While there are exceptional circumstances where adults can develop C-PTSD, it’s predominantly seen in those whose trauma occurred in childhood. For people who are older, being at the complete control of another person (often unable to meet their most basic needs without them), coupled with no foreseeable end in sight, can break down the psyche, the sense of self, and affect them on this deeper level. However, children experiencing this are still developing neurologically and just beginning to learn who they are as an individual, making sense of the world around them, and building their first relationships. Severe trauma interrupts the entire course of their psychological, neurological and physiological development.

The trauma to a child that results in C-PTSD and dissociative disorders is often intrinsically linked with a child’s caregiving, emotional bonding  and attachment relationship. Completely separate from the traumatic events/experienced themselves

On the surface it may look like PTSD and C-PTSD are similar because they both come from something extremely traumatic, they cause flashbacks, insomnia & nightmares/night terrors and the fact that they can both make you live in fear even when you are safe.

But at the very core of C-PTSD – it’s causes, it’s internal manifestation, the lifelong emotional, psychological, physical & medical effects, and it’s ability to compromise your perception on life, is what makes it dramatically different.

What does C-PTSD Look Like?

The primary difficulty people have when they are experiencing C-PTSD is emotional regulation, but what does that mean?

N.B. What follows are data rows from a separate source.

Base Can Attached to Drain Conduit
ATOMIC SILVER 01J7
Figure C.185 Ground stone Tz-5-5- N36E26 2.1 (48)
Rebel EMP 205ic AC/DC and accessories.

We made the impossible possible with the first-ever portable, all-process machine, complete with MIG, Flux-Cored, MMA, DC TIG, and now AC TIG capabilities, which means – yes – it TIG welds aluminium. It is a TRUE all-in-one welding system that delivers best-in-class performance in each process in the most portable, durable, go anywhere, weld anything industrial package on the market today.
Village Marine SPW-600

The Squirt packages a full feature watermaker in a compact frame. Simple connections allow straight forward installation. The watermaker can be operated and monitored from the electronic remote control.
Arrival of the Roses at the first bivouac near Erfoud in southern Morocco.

Complex PTSD impacts significantly on emotions; understanding emotions, expressing emotions, experiencing emotions and for so many this can be as simple as being able to comprehend what they are feeling.

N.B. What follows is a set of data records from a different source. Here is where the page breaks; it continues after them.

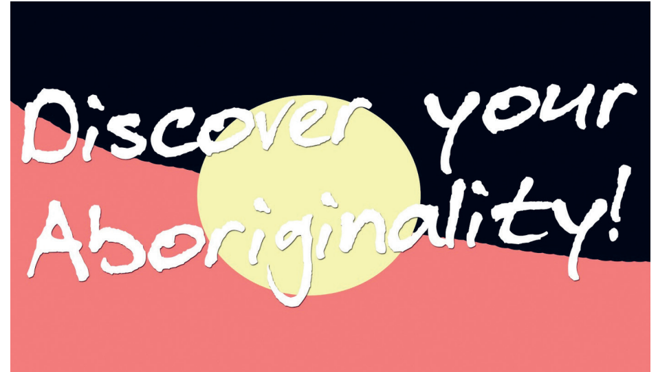
Megan Cope Discover your Aboriginality 2016 mixed media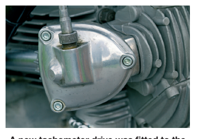
A new tachometer drive was fitted to the front cylinder head during 1973. This was for Veglia or Smiths instruments.

A new kick-start lever appeared at this time, the rotating pedal located by a ring and pin instead of the Seeger ring, but the shape was unchanged. As the supply of electronic tachometers dwindled, by the end of 1973 all the tachometers were mechanical. with a new drive from the front cylinder. Although the drive was now incorporated in the casting, it still failed to solve the problem of oil leaks, and sometimes oil would now leak from the cable connection. Some miles per hour Smiths instruments, with a mechanical tachometer (mainly for the UK and US), retained the earlier floating brass drive. The Smiths tachometer now also included an 8000rpm red line.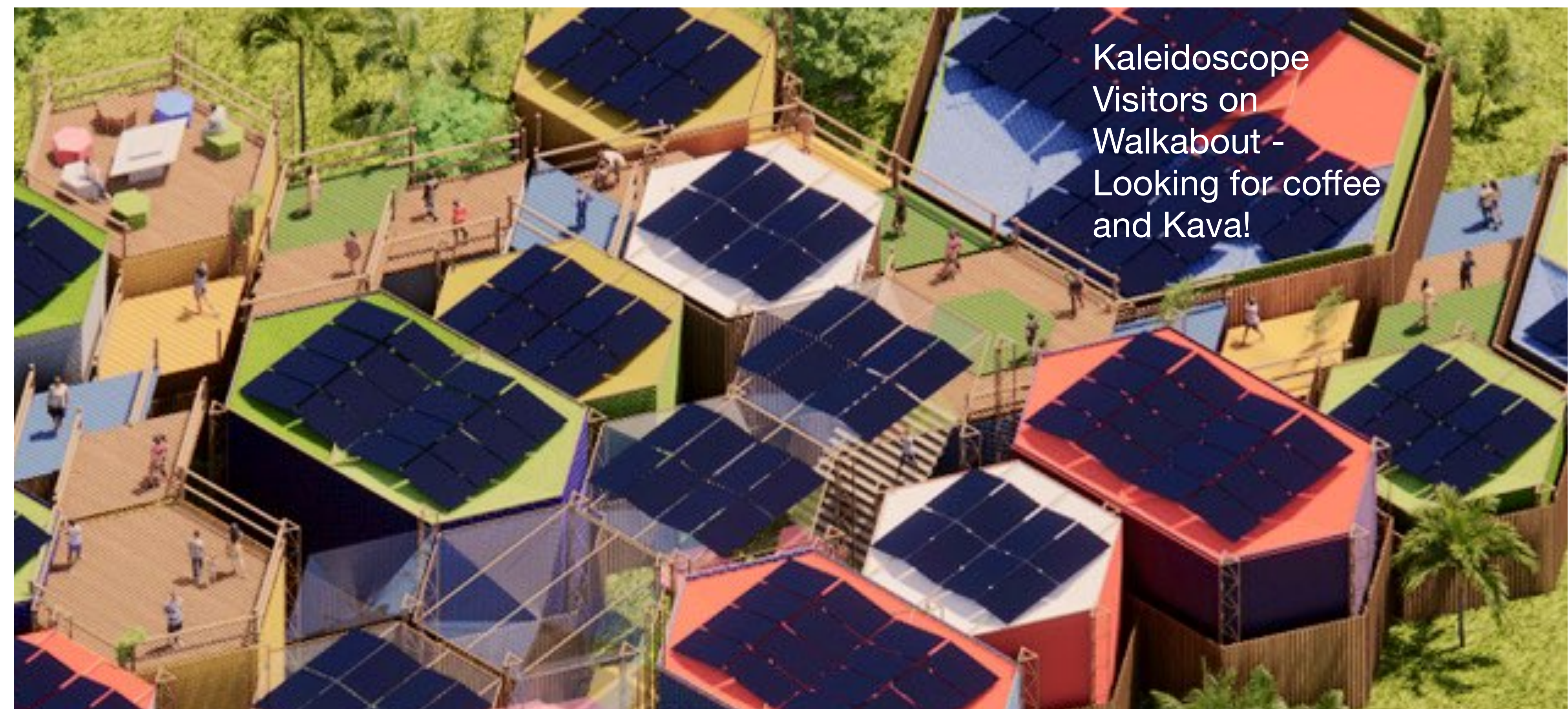
Kaleidoscope Visitors on Walkabout - Looking for coffee and Kava!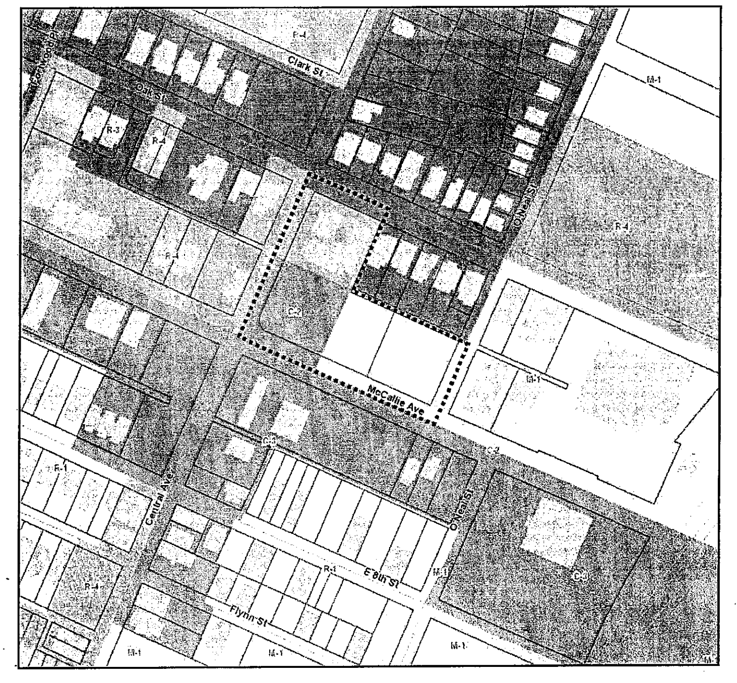
2015-007 Rezoning from C-2, M-1 and R-4 to C-3

There can be overwhelming unmanageable feelings of sadness, explosive and ‘irrational’ anger outbursts and suicidal thoughts. There can be a feeling of numbness; not being able to regulate emotions to certain situations or people where there is a high emotional experience, and often the emotional reaction to this is disproportionate to the current event/episode.

Re-experiencing emotions originally felt during the traumatic episodes/period is particularly common when there are situations that have ‘activated’ these……more commonly referred to as ‘triggers’….and are an emotional flashback to what was needed at the time of trauma.

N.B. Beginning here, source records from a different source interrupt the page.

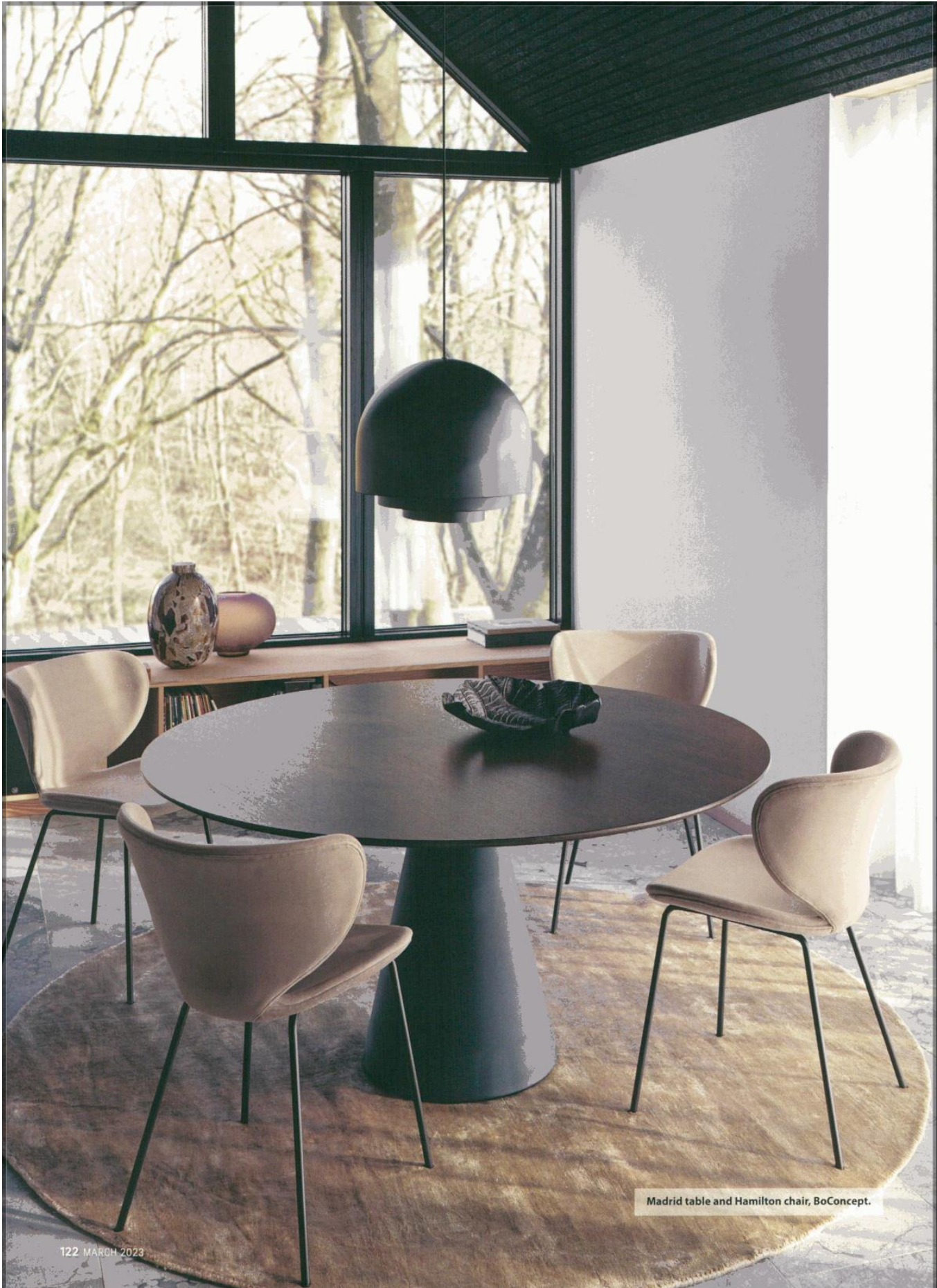
Madrid table and Hamilton chair, BoConcept.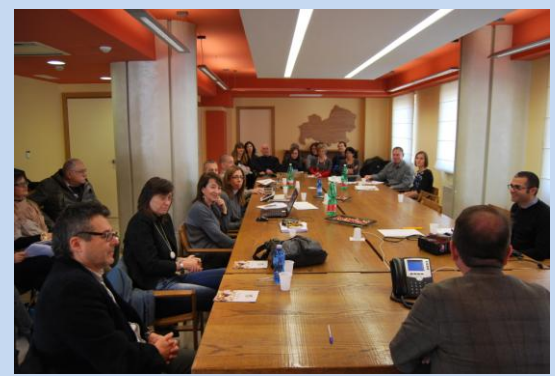
The Start up Dissemination Workshop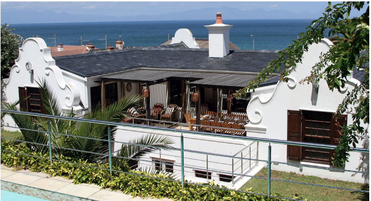
View from the pool deck over the garden to the outdoor dining space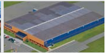
Hörmann Gadco LLC, Vonore TN, USA

Hörmann is the only manufacturer worldwide that offers you a complete range of all major building products from one source.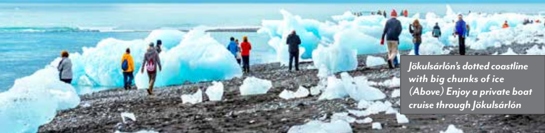
Jökulsárlón's dotted coastline with big chunks of ice (Above) Enjoy a private boat cruise through Jökulsárlón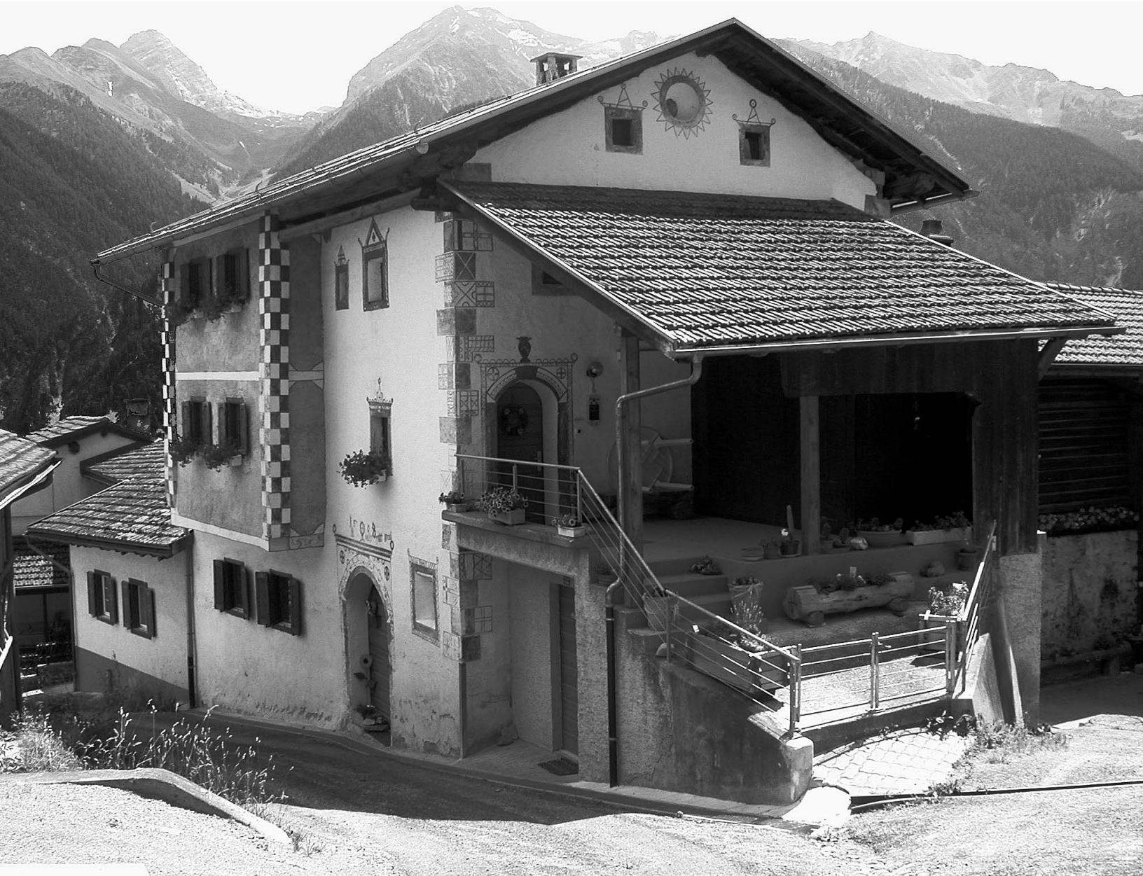
60 FIGURE 4 Construction in a traditional style, typical of Alvaneu.

friends and their common experiences of place. Furthermore, tourists seemed to be particularly satisfied if they got to know local people and especially proud if they established friendly relationships with them. Therefore, the key category personal relationships likewise encompasses individual and social aspects.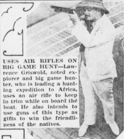
USES AIR RIFLES ON BIG GAME HUNT—Lawrence Griswold, noted explorer and big game hunter, who is leading a hunting expedition to Africa, uses an air rifle to keep in trim while on board the boat. He also intends to use guns of this type as gifts to win the friendliness of the natives.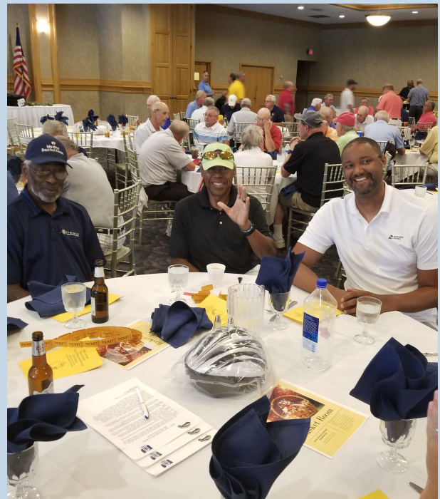
Enjoying the Luncheon!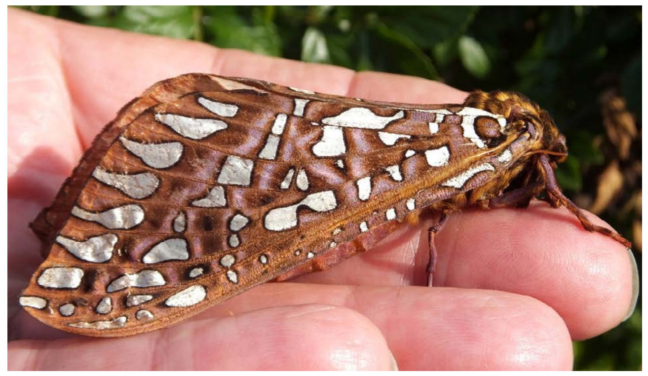
The adult Keurboom's moth is striking but seldom seen.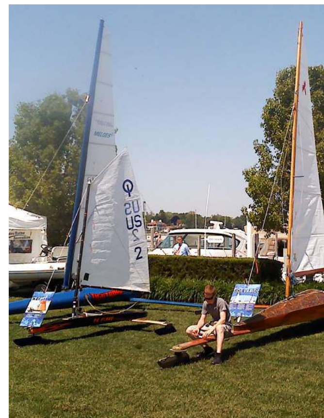
A summer iceboat exhibit is a great way to start building a list of potential iceboaters.

BE THE GUY to pick a day with good conditions, use your contact list of people that want to try ice boating, bring spare equipment, or an old boat you might be willing to sell, two seaters, Skimmers, and take people for their first ride to promote the sport we all love so much.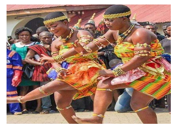
Fig 2.5 Performance of Adowa dance.

The perception of the self is a deep struggle for anyone who is a survivor of complex trauma. The perception of  being bad; embodying nothing but shame, helplessness, guilt and being completely different from anyone else is common for all survivors of complex trauma. This skewed perception develops at a time when identity growth was severely disrupted and interrupted by the the traumatic events and the chronic traumatisation. I’ve met many women and children throughout my 23 years in clinical trauma practice who have:

  • developed a sense of helplessness because they were let down by so many around them that could have helped or supported them but didn’t, so they feel it must just be them and this leads on to
  • feeling responsible for what others have subjected them to and what has happened to them and therefore consider themselves unworthy of compassion, love, kindness & dignity
  • consider that their trauma defines who they are as a person, what they do in life and fear that they are a burden, that nothing will ever change for them, and that they are completely different to everyone else around them.

You would be surprised to know that these are women who you would probably look at and think how competent, confident, strong, ‘put together’ and compassionate they are.

Trust coupled with a negative self perception impacts on the persons ability to feel safe in relationships leading to   difficulties in relationships; relationship avoidance, ambivalence in relationships , abandoning relationships or developing unhealthy relationships that are based in what they knew of the past. It is even in the not knowing how to be in relationships. Many people with C-PTSD have an outright refusal to trust anyone and not actually know why they ever should. It is one of the greatest challenges for C-PTSD sufferers in developing a psychotherapeutic relationship with me, but when worked through it is also the relationship that can re-establish a sense of what trust is and could be. In many instances people with C-PTSD become overly trusting even when the relationship is dangerous, this usually happens as a result of a diminished internal alarm sensor. There are others who have the need to feel rescued and be taken care of; the fear of being alone and powerless becomes the overriding sensation due to underlying loss and abandonment experienced during the traumatisation.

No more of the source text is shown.